Your questions apply not only to the sleeve procedure.
The good news is that you don't have to put yourself through the anguish and doubts you've taken on. You can decide right now not to have surgery. It's that simple and freeing. In fact you can choose not to lose weight by any method. Even simpler and more freeing. No matter how one chooses to lose weight, a lifetime commitment is necessary for lifelong success.
The greatest obstacles are emotional, not habits. If chewing mindfully and thoroughly is "unnatural," then the converse must be true. To eat "naturally" is to bolt food mindlessly à la the wolves. People have the capacity to develop new habits by repetition. Eating in the ways that suit surgery can become the norm when you desire. It's like learning arithmetic. We eventually rely less on our fingers for counting.
"Large amounts of time and energy" for planning meals? You really won't have to pass up other activities to have time for all that ponderous planning. As feeble an excuse "I have to wash my hair" was in the olden days, "I have to plan my meals" has less credibility.
I'd be dishonest if I were to say that making changes is a snap, but it's nowhere near what you're telling yourself. It's okay to be ambivalent and fearful of making the commitment to yourself, but don't do yourself the disservice of being dishonest with yourself.
It might help you to make a decision if, instead of listing the negatives, you begin a written list of reasons that you do want to lose weight. Keep each reason brief and narrow and number them as you go along. Pick up the notebook over the next days and weeks to add reasons as they occur to you.
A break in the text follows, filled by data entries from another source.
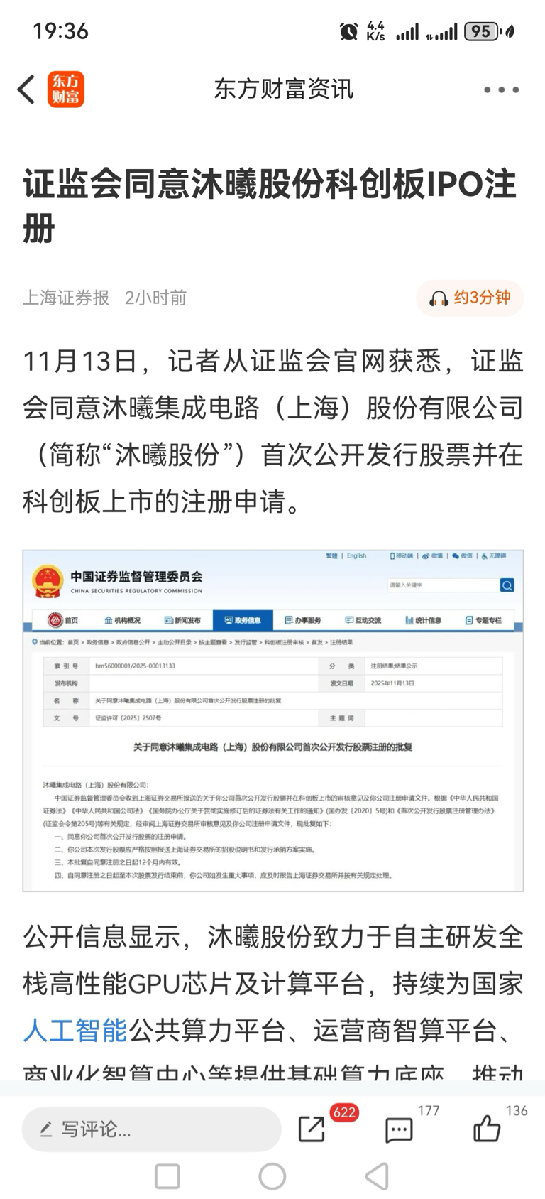$恒为科技(SH603496)$ 有谁知道沐曦股份如果上市,会对恒为并购重组有影响吗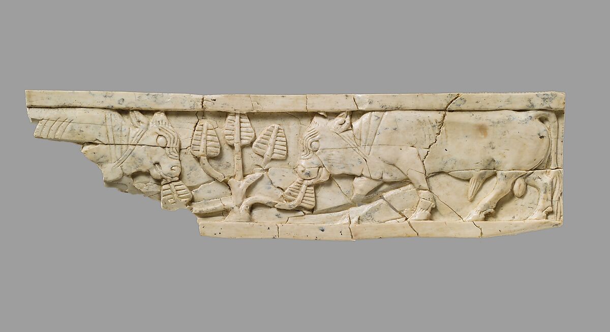 This carved ivory plaque was found in a storage room in Fort Shalmaneser, a royal building at Nimrud that was used to store booty and tribute collected by the Assyrians while on military campaign. It depicts a pair of bulls flanking a small tree, each nibbling at a leaf, framed above and below by a plain flat border. The five branches of the tree are arranged symmetrically and the leaves or fronds are decorated with horizontal ridges. Each bull’s ribs are defined by vertical parallel lines, and similar lines frame the eye and the muscular ridges on the back of the neck. Neither is depicted with horns. Because of damage to the plaque in antiquity, only the head and shoulders of the left bull are preserved, but the right bull is complete. The genitals are represented and the tail is slightly raised, but held in a relaxed position. Carved ivory pieces such as this were widely used in the production of elite furniture during the early first millennium B.C. They were often inlaid into a wooden frame using joinery techniques and glue, and could be overlaid with gold foil or inlaid to create a dazzling effect of gleaming surfaces and bright colors. Rows of bulls and cows with nursing calves, either carved in relief or in the openwork technique, have been found among the ivories collected by the Assyrian kings, including several other examples in the Metropolitan’s collection (< a href="http://www.metmuseum.org/art/collection/search/324331">54.117.10, 59.107.14, 64.37.3, 64.37.4, 67.22.6).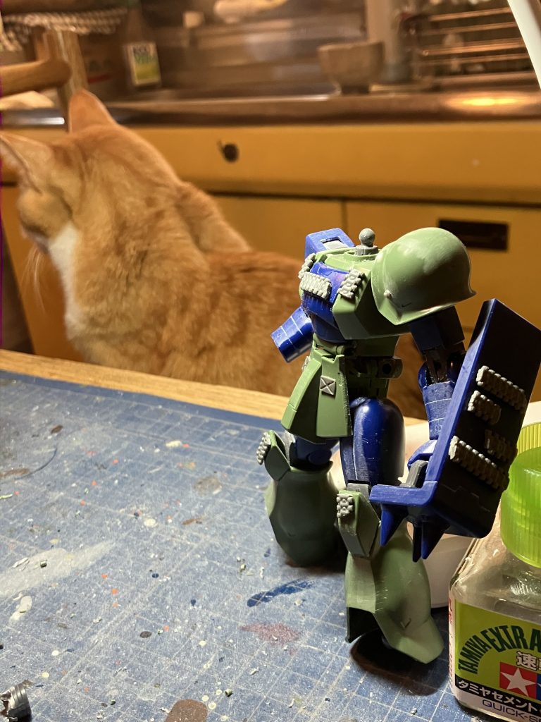 ニャンコが居るのでラッカー塗料、エアブラシを使わずvicカラーと水性アクリジョンの筆塗り、HGシリーズをコツコツと制作していきます。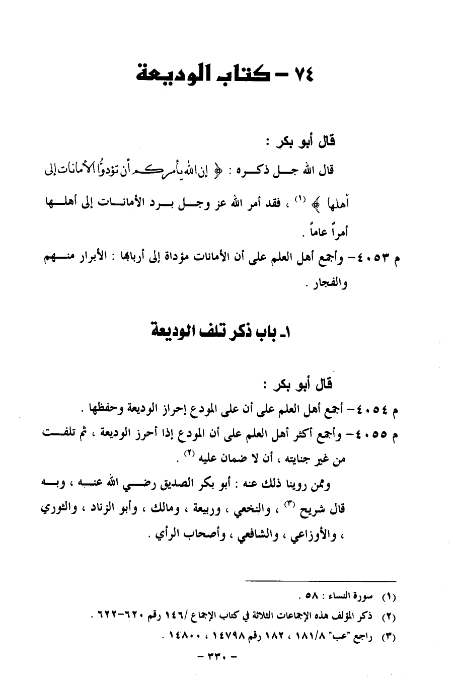 م 4053 - وأجمع أهل العلم على أن الأمانات مؤداة إلى أربابها: الأبرار منهم والفجار.

No reason is silly or shallow. They're all about what you want for yourself. Wanting to wear size 6 knickers is as valid as wanting to be rid of backache or signs of diabetes.
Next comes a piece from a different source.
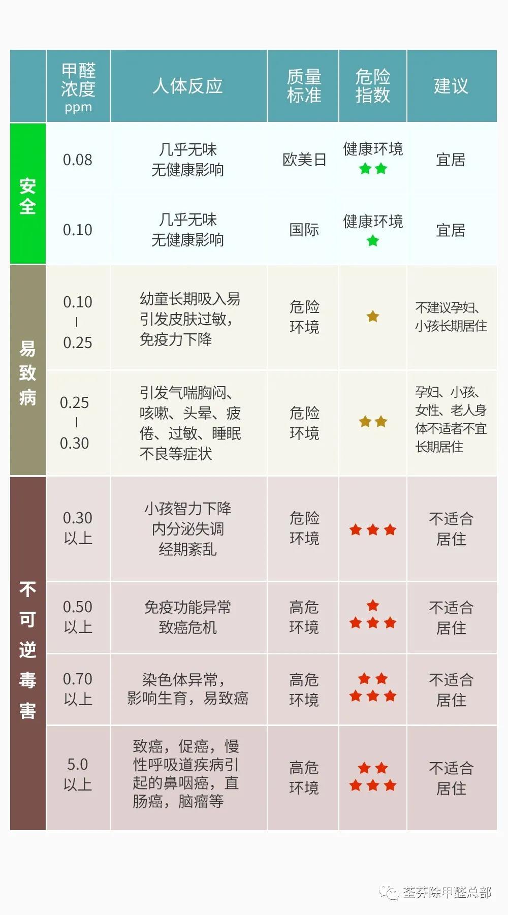 我們國家規定的甲醛標準限值是0.1㎎/m3,室內甲醛超標對人體的危害不可小覷。甲醛是一種無色有刺激性氣味的氣體,對于普通人來說,只有當甲醛的濃度超標3倍以上才可能聞到味道,這一點也是許多受害者受到甲醛危害的原因,認為聞不到味了就是沒甲醛了。(溫度為0℃時,1PPM=0.74666 mg/m3)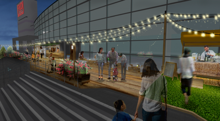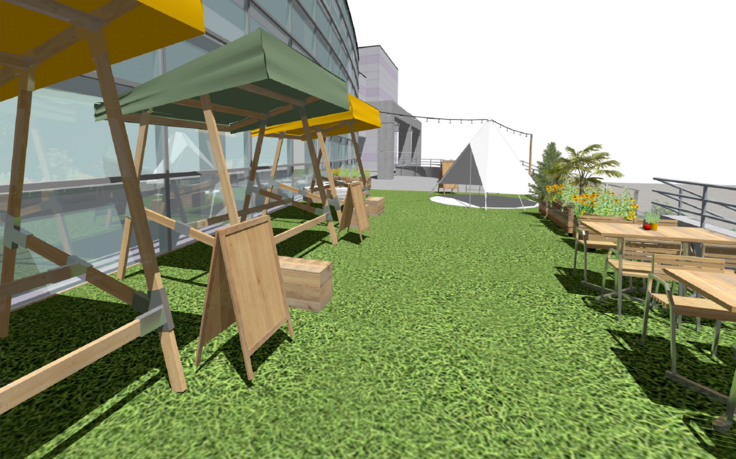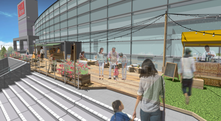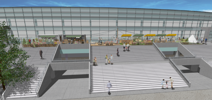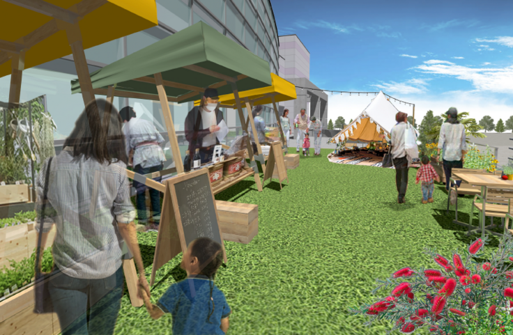 これまでも試験的に、マルシェの開催や無料BBQスポットなど、皆様にお楽しみいただくイベントを開催してきました。しかしながら、コンクリートの地面、吹き抜けの踊り場、階段上にあるという施設状態のため、安全性や快適性に課題がございます。

As an example of focused reasons, "To wear the blue dress that's been hanging in the closet these past four years." To write "To wear the things that got too small" limits the number of items on the list. Name each separately if that's the case.
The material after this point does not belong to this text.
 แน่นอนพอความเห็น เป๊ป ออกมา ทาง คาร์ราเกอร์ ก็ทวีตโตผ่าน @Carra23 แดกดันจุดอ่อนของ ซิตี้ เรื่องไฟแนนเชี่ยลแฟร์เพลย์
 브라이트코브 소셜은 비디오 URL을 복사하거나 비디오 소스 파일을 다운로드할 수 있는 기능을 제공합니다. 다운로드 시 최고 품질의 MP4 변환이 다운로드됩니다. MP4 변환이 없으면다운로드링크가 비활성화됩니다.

If you're feeling that you're jumping in to something that you're not ready for, give yourself more time. You want walking into the operating room to be a positive experience, not a trip to the guillotine. You're ahead of the game in knowing that behavior changes are necessary, but don't blow them into impossible tasks. You may very well run into rough spots and feel resentful from time to time after the fact. That's what the therapist, BP and your surgery practice's support group are for. We each have to do our own work, but there are others to do it with.